Agents become much easier when you stop asking whether software is an agent and start asking where decisions are made, what actions are possible, and how control is preserved.
Mission
By the end of this chapter, you can define an AI agent precisely, identify its boundary in a system, and explain why “agent” is a design property—not a synonym for intelligence.
Prerequisites: none. Build artifact: an agent boundary card for a real or imagined product. Time: 45-60 minutes.
Before you read: Predict → Commit → Connect
Consider a travel chat app. It can answer policy questions, look up a booking, calculate a fare difference, and request a booking change.
- Is it an agent if a programmer predefines the exact order of all four steps?
- Is it an agent if a language model decides which step is needed next?
- Does giving it more tools automatically make it more intelligent?
Write one sentence defining agent. Keep it; you will revise it at the end.
The smallest useful definition
An AI agent is a system that uses a model to choose actions toward a goal, observes what happens, and can adapt the next choice—inside human-designed boundaries.
Every phrase matters:
- System: the model alone is not the agent. The surrounding software supplies instructions, context, tools, state, security, and stopping logic.
- Uses a model to choose: at least one meaningful next step is selected at runtime rather than completely fixed in code.
- Actions toward a goal: an action may retrieve data, call a service, ask a person, create a proposal, or return an answer.
- Observes and adapts: a tool result can change the next decision.
- Boundaries: people still choose permissions, budgets, policies, approval gates, and when the run must stop.

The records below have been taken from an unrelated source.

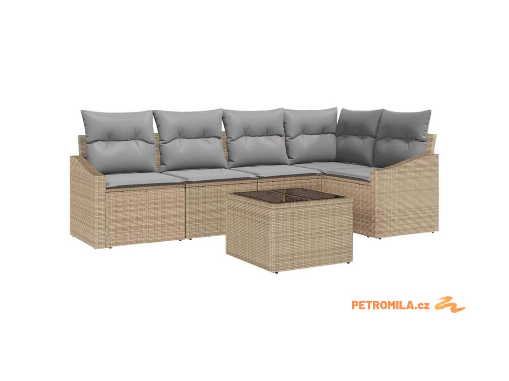Set pohovek s polštářem 6 pcs Béžová a Světle šedá polyratan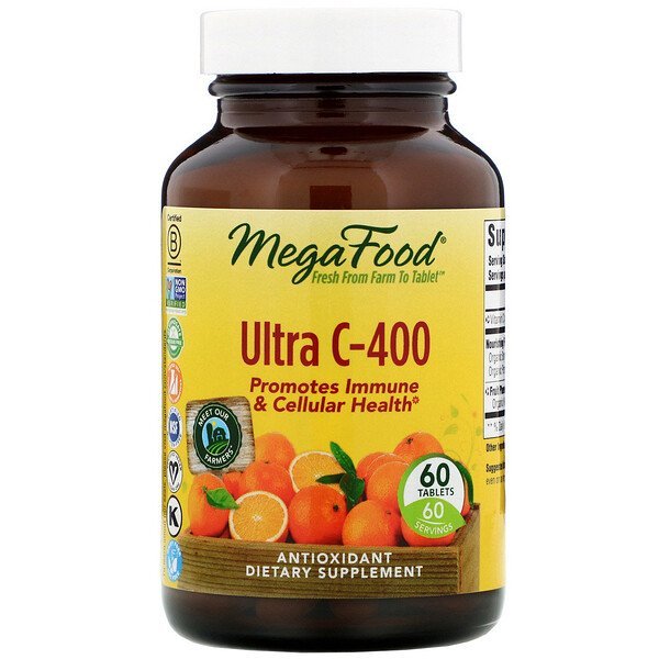 Business for GoodFresh From Farm To TabletPromotes Immune & Cellular Health Meet Our Farmers60 ServingsAntioxidant Dietary SupplementCertified B Corporation Non-GMO Project VerifiedGlyphosate – Residue Free Tested 125+ Pesticides & HerbicidesCertified NSF – Certified Gluten FreeCertified VeganKosherDairy Free – Soy Free MegaFood Ultra-C 400 contains FoodState Vitamin C delivered with real, organic oranges to help support your immune system. Colorful fruits and our unique herb blend provide added nourishment.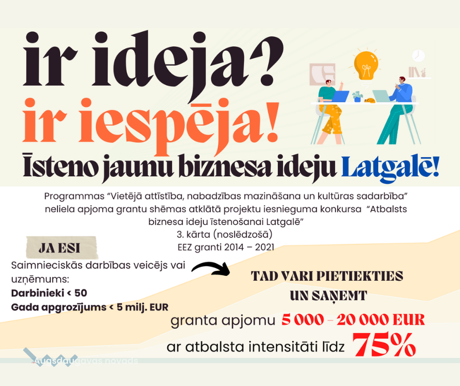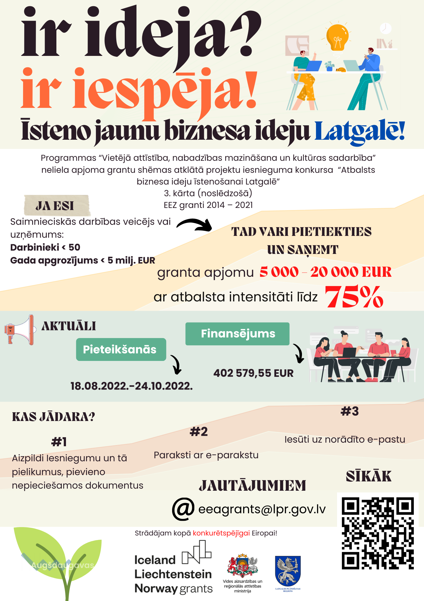 Latgales plānošanas reģions, sadarbībā ar Vides aizsardzības un reģionālas attīstības ministriju, ir aptaujājuši Latgales uzņēmējus un, ņemot vērā uzņēmēju sniegtās atbildes, veikuši grozījumus atklātā projektu konkursa “Atbalsts biznesa ideju īstenošanai Latgalē” EEZ grantu 2014.–2021. gada perioda programmas “Vietējā attīstība, nabadzības mazināšana un kultūras sadarbība” regulējošajos Ministru kabineta noteikumos un 18.08.2022. izsludina grantu konkursa trešo (noslēdzošo) kārtu ar labvēlīgākiem nosacījumiem.

This is an operational definition, not a philosophical claim. It tells a builder what to inspect.
The model is a component, not the product
A bare model maps input to output. It has no inherent access to your calendar, database, browser, or payment system. Software may offer those capabilities as tools. Software also decides which context the model sees, validates arguments, executes allowed calls, records state, and ends the loop.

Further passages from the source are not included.